Я поспешил признать свои заблуждения насчет доблестных степных подводников и потащил Асю на свежий воздух. На обратном пути меня ждало еще одно издевательское знамение: над дверью висел в массивной деревянной раме портрет, изображавший безымянного человека в глухом медном шлеме, а мозаика под ним складывалась в неуместно бравурный лозунг:

Знает пионеров класс:

не сдается водолаз!

Куба или Гондурас

– всюду нужен водолаз!

Будь Максим ты или Стас

– будешь славный водолаз!

…На улице было тихо. К закату туман поредел: дымка поднялась ввысь, и под ней пробивались красные лучи заходящего над ручьем солнца. Дальше ехать не имело смысла: кладбище начиналось прямо перед нами, за лагерной оградой, и в тумане было легко зацепить колесом могилу какого-нибудь несчастного. Я подхватил из машины свой рюкзак и поспешил за Асей, уже нетерпеливо оглядывающейся на меня из калитки.

Деревенское кладбище было небольшим, уже даже не печальным местом, больше похожим на запущенную лесную поляну с сотней беспорядочно разбросанных холмиков – словно здесь когда-то поселилась семья гигантских сурков, а затем исчезла, оставив свои кучки навсегда. Тут и там мирно торчали замшелые кресты, чередуемые незамысловатыми памятниками; тропинки между могилами поросли мокрой травой так, что каждый шаг приходилось делать осторожно, стараясь не наступить на чье-то неприметное вечное обиталище. Тут тоже много лет никого не было, и это вызывало удивление: нет ничего странного в том, что люди забывают свои дома или, к примеру, бассейны, но обычно они с болезненной чувствительностью не могут оторваться от могил своих предков – пока не умрут сами.

– У нас тут свой участок, – прервала мои философские размышления Ася. – Во-он там, в дальнем углу. П-пойдем туда сразу.

Пробираясь между ржавых оградок и кустов крапивы, мы подошли к нужному месту. Пять-шесть могил – таких же неухоженных, нестрашных, все как одна – с дешевыми памятниками в виде жестяной призмы, – на городских кладбищах такие обычно ставили временно, надеясь когда-нибудь заменить их добротным мраморным монументом, но здесь, очевидно, не принято было тратить деньги на пустяки.
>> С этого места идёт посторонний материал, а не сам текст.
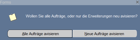 Mit Anklicken des Buttons „OK" rechts unten ist die Avisierung zu starten. In einem Dialogfenster kann dann gewählt werden, ob das zu sendende Dokument die Änderungen seit der letzten Avisierung oder die ganze Auftragsliste zum Kunden enthalten soll.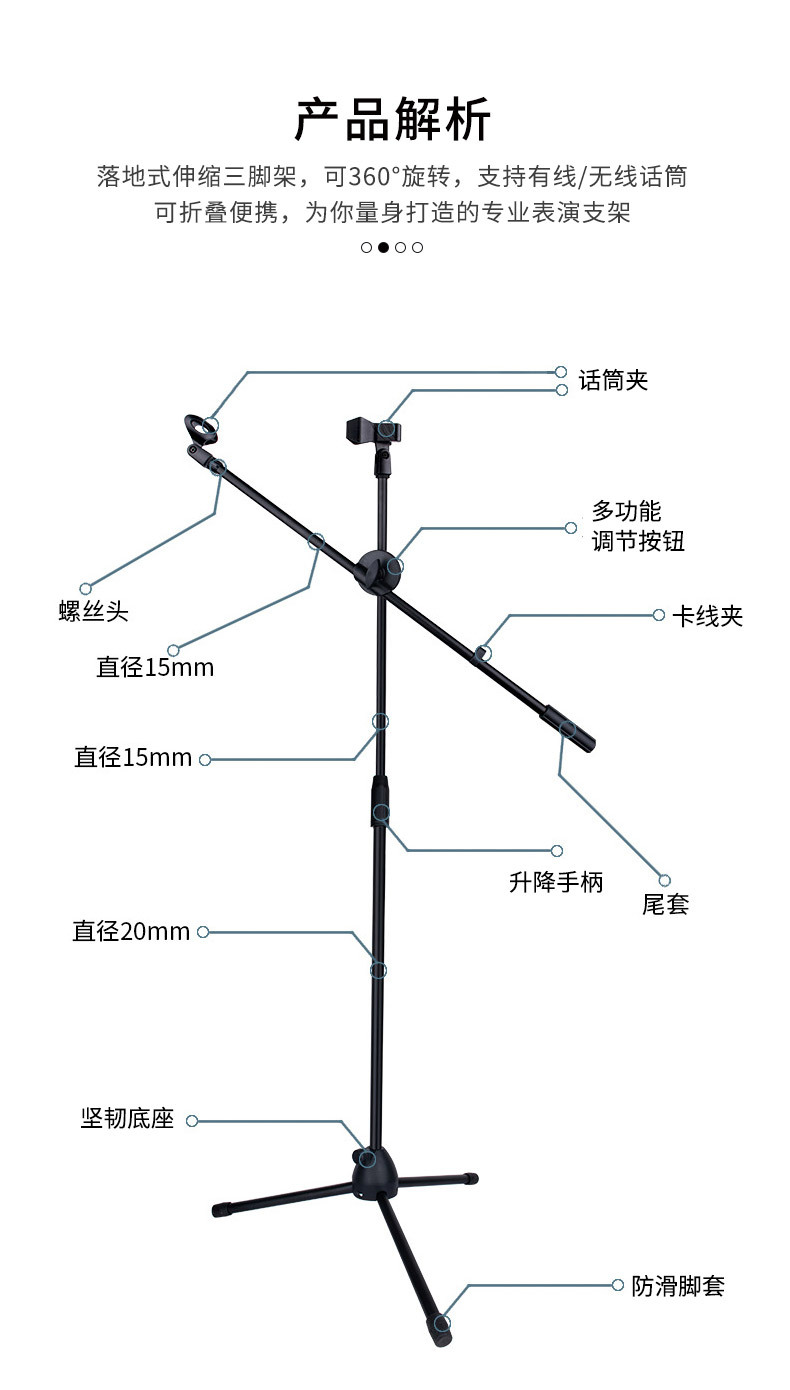 Microphone Stand Wholesale Live Karaoke Recording Floor Lifting Microphone Stand Stage Performance Vertical Microphone 中文版

Краска с железа, конечно, слезла, и сложно было различить затертые имена на остатках надписей, – равно как и лица на заляпанных осенней грязью портретах. Ася прерывисто вздохнула.

– Это бабушка, – принялась показывать она. – Это тетя, потом ее муж, потом вот двое их детишек – они маленькими умерли, а всего их четверо было, я им открытки п-посылала… Это отец мой, я его не помню, я говорила тебе. А вот эту… – ее голос снова задрожал, – эту я не помню… Это мама, да?

– Нет, – разлепил я губы. – Это точно не мама. Это…

Но она уже достала платок, смочила его губами, и, присев на корточки, принялась оттирать круглую дощечку с фотографией. Та сверкнула вдруг неожиданно ярко, и Ася вскрикнула. Я встревоженно наклонил к ней голову, пригляделся и отшатнулся в смятении: с портрета смотрело мое лицо – уставшее, пыльное, на мутном белом фоне.

– Зеркало, – прошептала Ася. – И тут Еська…

– П-почему зеркало?!. – заикаясь то ли от неожиданности, то ли перенимая манеру Аси, спросил я.

– Это тоже из его сказок… Он говорил, что душа человека – эта та его часть, которую видно, но нельзя п-потрогать. Например, тень, или отражение в воде, понимаешь? Это тоже его предки так считали.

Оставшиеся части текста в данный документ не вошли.